Assignment —
What you hand back must match the records word for word, with no pictures.

Data items —
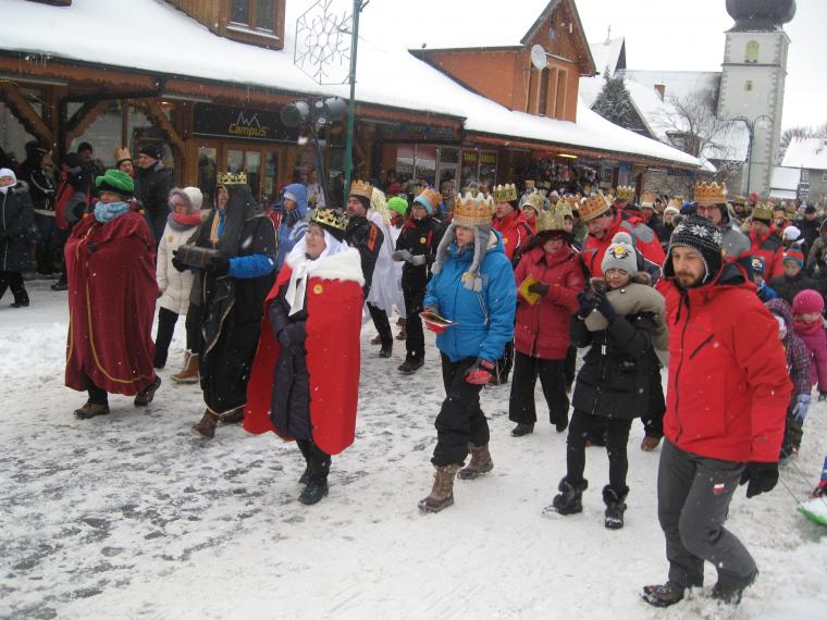 Już po raz trzeci w parafii Nawiedzenia Najświętszej Marii Panny w Karpaczu wyruszył Orszak Trzech Króli. Kilkaset osób przemaszerowało ulicami Karpacza przy akompaniamencie kolęd oraz młodych aktorów z naszych szkół, którzy przedstawiali scenki jasełkowe. Orszak Trzech Króli już mocno wpisał się w tradycję naszej parafii. Uczestnictwo w barwnym pochodzie jest manifestacją przywiązania do życia zgodnego z tradycjami wiary i wartości chrześcijańskich. Zgodnie z rozpoczętą tradycją w naszej parafii nie zabrakło „szczodraków”. Chociaż było ich dużo, niestety nie wystarczyło dla wszystkich. Każdy chciał spróbować. Wypieki na kiermasz przygotowała kawiarnia „Spokojna”, za co serdecznie dziękujemy pani Elżbiecie Godyń. Dochód ze sprzedaży „Szczodraków” został przeznaczony na potrzeby naszej drużyny harcerskiej. Mimo mroźnej pogody frekwencja dopisała. Rozdano ponad 200 koron, których także zabrakło. Podczas Orszaku towarzyszyły nam zwierzęta z miasteczka Western City, za co składamy podziękowania panu Jerzemu Pokojowi. W tym roku spotkała nas miła niespodzianka. W orszaku pojawili się Mędrcy, którzy przybyli z diecezji zielonogórsko-gorzowskiej, z Głogowa. W rozmowie zdradzili nam, że co roku pojawiają się w innym mieście w uroczystość Objawienia Pańskiego.
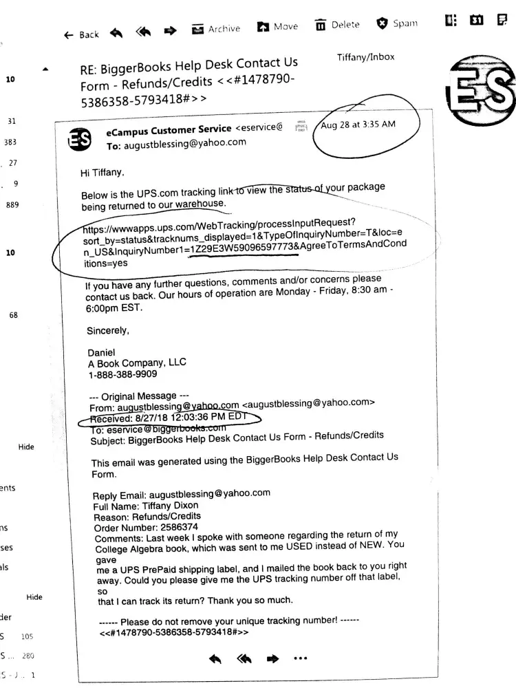 The other 2 new books I ordered from them showed up within a reasonable timeframe and were the correct books, so I’m not sure why they sent me a used book! As a first time customer who already referred several people to their website, I am now concerned that this may happen again with any future orders. That being said, I will be very leery about purchasing new books from them in the future, and if I do refer people to their business, I will give the disclaimer that they may not want to purchase new books. It is not a gamble worth risking. I ordered the book from them the very day my daughter found out what book she needed for class, so this is not my fault for waiting last minute, as I did not.
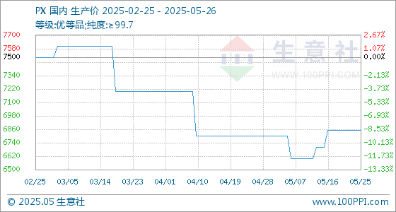 5月26日生意社PX基准价为6850.00元/吨
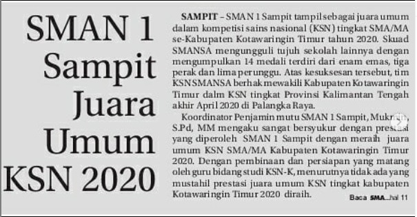 Alhamdulillah, berkat ikhtiar dan tawakal, siswa/i SMANSA lagi-lagi menorehkan prestasinya dibidang akademik, KSN (Kompetisi Sains Nasional) tk. Kabupaten Kotawaringin Timur.
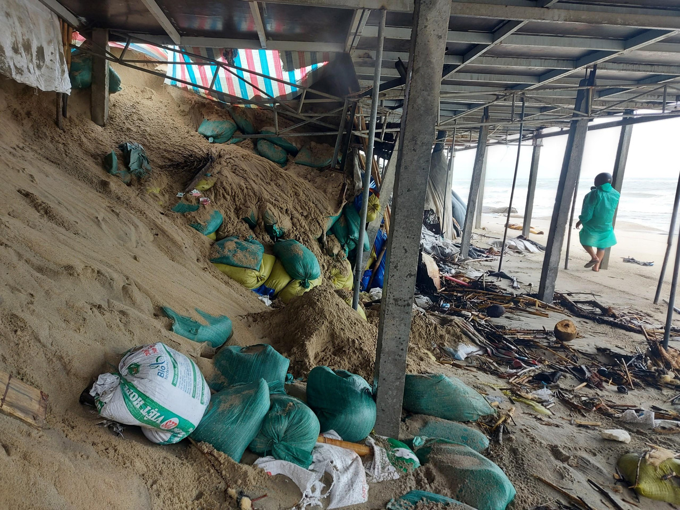 | Theo ông Nguyễn Thế Hùng – Phó Chủ tịch UBND TP. Hội An, bão và hoàn lưu bão khiến 1.000 mét đường bờ biển bị xâm thực. Trước thực trạng này chính quyền đã triển khai làm đê ngầm chắn sóng khá hiệu quả, tuy nhiên những đoạn chưa triển khai tình trạng xâm thực tiếp tục nặng nề. Trong ảnh: Dãy nhà hàng nguy cơ bị sóng "nuốt chửng" |
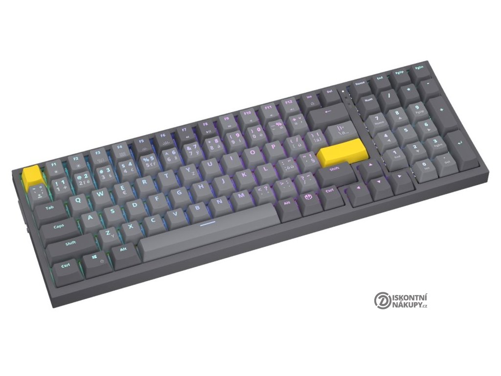 Moderní mechanická klávesnice navržená pro uživatele, kteří hledají dokonalou kombinaci kompaktního designu, pohodlí a technické preciznosti. Díky univerzálnímu rozložení typu 1800 s plnohodnotným numerickým blokem poskytuje veškeré funkce klasické klávesnice, a přitom šetří místo na stole. Kompatibilita se systémy Windows, macOS, Linux i Android umožňuje flexibilní využití napříč zařízeními, přičemž přepínání mezi nimi je otázkou sekund díky podpoře Bluetooth, 2,4GHz donglu a USB připojení. Výkonná baterie vydrží na jedno nabití až 120 hodin provozu, což zajišťuje dlouhodobé používání bez nutnosti častého dobíjení.
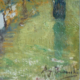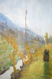 Paesaggio montano, olio su tavola, cm 22x14, firmato, entro cornice.
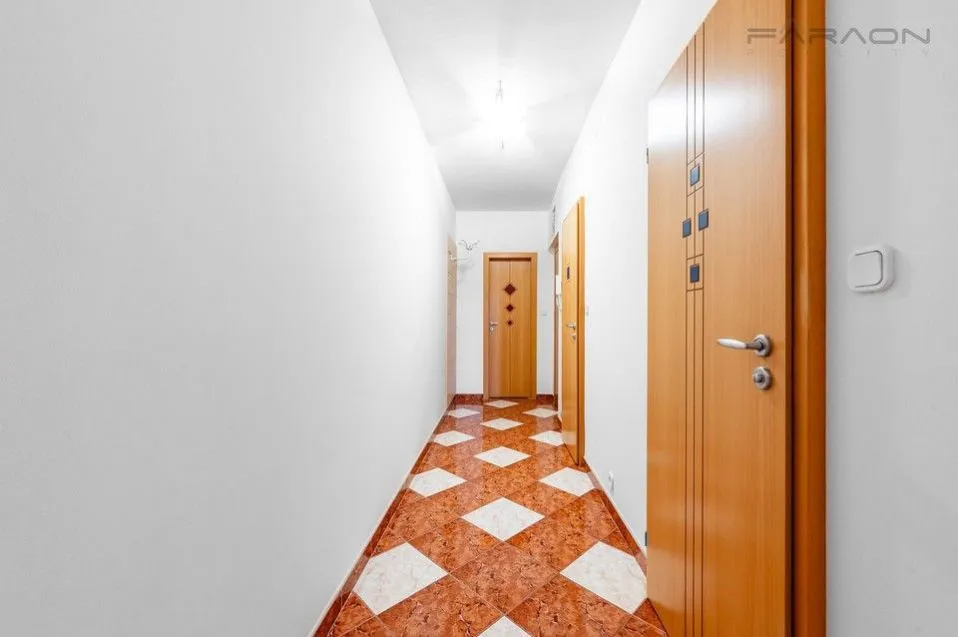 Byt je po nové kompletní rekonstrukci a dispozičně řešen velmi účelně vstupní chodba navazuje na světlý obývací pokoj s plně vybaveným kuchyňským koutem a designovým barovým pultem (vestavěné spotřebiče: myčka, elektrická a mikrovlnná trouba, sklokeramická deska, digestoř, velká lednice s mrazákem). Z pokojů je přímý vstup na terasu s výsuvnou markýzou a krásným výhledem. Samostatná ložnice poskytuje prostor pro dvoulůžko i úložné řešení, další pokoj je vhodný například jako pracovna, šatna nebo dětský pokoj. Prostorná koupelna je vybavena sprchovým koutem, vanou, dvou umyvadlem a místem pro pračku, samostatná toaleta. Další úložné prostory nabízí velké vestavěné skříně a spíž/sklad přímo v bytě.

The completed task —
 Już po raz trzeci w parafii Nawiedzenia Najświętszej Marii Panny w Karpaczu wyruszył Orszak Trzech Króli. Kilkaset osób przemaszerowało ulicami Karpacza przy akompaniamencie kolęd oraz młodych aktorów z naszych szkół, którzy przedstawiali scenki jasełkowe. Orszak Trzech Króli już mocno wpisał się w tradycję naszej parafii. Uczestnictwo w barwnym pochodzie jest manifestacją przywiązania do życia zgodnego z tradycjami wiary i wartości chrześcijańskich. Zgodnie z rozpoczętą tradycją w naszej parafii nie zabrakło „szczodraków”. Chociaż było ich dużo, niestety nie wystarczyło dla wszystkich. Każdy chciał spróbować. Wypieki na kiermasz przygotowała kawiarnia „Spokojna”, za co serdecznie dziękujemy pani Elżbiecie Godyń. Dochód ze sprzedaży „Szczodraków” został przeznaczony na potrzeby naszej drużyny harcerskiej. Mimo mroźnej pogody frekwencja dopisała. Rozdano ponad 200 koron, których także zabrakło. Podczas Orszaku towarzyszyły nam zwierzęta z miasteczka Western City, za co składamy podziękowania panu Jerzemu Pokojowi. W tym roku spotkała nas miła niespodzianka. W orszaku pojawili się Mędrcy, którzy przybyli z diecezji zielonogórsko-gorzowskiej, z Głogowa. W rozmowie zdradzili nam, że co roku pojawiają się w innym mieście w uroczystość Objawienia Pańskiego.
 The other 2 new books I ordered from them showed up within a reasonable timeframe and were the correct books, so I’m not sure why they sent me a used book! As a first time customer who already referred several people to their website, I am now concerned that this may happen again with any future orders. That being said, I will be very leery about purchasing new books from them in the future, and if I do refer people to their business, I will give the disclaimer that they may not want to purchase new books. It is not a gamble worth risking. I ordered the book from them the very day my daughter found out what book she needed for class, so this is not my fault for waiting last minute, as I did not.
 5月26日生意社PX基准价为6850.00元/吨
 Alhamdulillah, berkat ikhtiar dan tawakal, siswa/i SMANSA lagi-lagi menorehkan prestasinya dibidang akademik, KSN (Kompetisi Sains Nasional) tk. Kabupaten Kotawaringin Timur.
 | Theo ông Nguyễn Thế Hùng – Phó Chủ tịch UBND TP. Hội An, bão và hoàn lưu bão khiến 1.000 mét đường bờ biển bị xâm thực. Trước thực trạng này chính quyền đã triển khai làm đê ngầm chắn sóng khá hiệu quả, tuy nhiên những đoạn chưa triển khai tình trạng xâm thực tiếp tục nặng nề. Trong ảnh: Dãy nhà hàng nguy cơ bị sóng "nuốt chửng" |
 Moderní mechanická klávesnice navržená pro uživatele, kteří hledají dokonalou kombinaci kompaktního designu, pohodlí a technické preciznosti. Díky univerzálnímu rozložení typu 1800 s plnohodnotným numerickým blokem poskytuje veškeré funkce klasické klávesnice, a přitom šetří místo na stole. Kompatibilita se systémy Windows, macOS, Linux i Android umožňuje flexibilní využití napříč zařízeními, přičemž přepínání mezi nimi je otázkou sekund díky podpoře Bluetooth, 2,4GHz donglu a USB připojení. Výkonná baterie vydrží na jedno nabití až 120 hodin provozu, což zajišťuje dlouhodobé používání bez nutnosti častého dobíjení.
 Paesaggio montano, olio su tavola, cm 22x14, firmato, entro cornice.
 Byt je po nové kompletní rekonstrukci a dispozičně řešen velmi účelně vstupní chodba navazuje na světlý obývací pokoj s plně vybaveným kuchyňským koutem a designovým barovým pultem (vestavěné spotřebiče: myčka, elektrická a mikrovlnná trouba, sklokeramická deska, digestoř, velká lednice s mrazákem). Z pokojů je přímý vstup na terasu s výsuvnou markýzou a krásným výhledem. Samostatná ložnice poskytuje prostor pro dvoulůžko i úložné řešení, další pokoj je vhodný například jako pracovna, šatna nebo dětský pokoj. Prostorná koupelna je vybavena sprchovým koutem, vanou, dvou umyvadlem a místem pro pračku, samostatná toaleta. Další úložné prostory nabízí velké vestavěné skříně a spíž/sklad přímo v bytě.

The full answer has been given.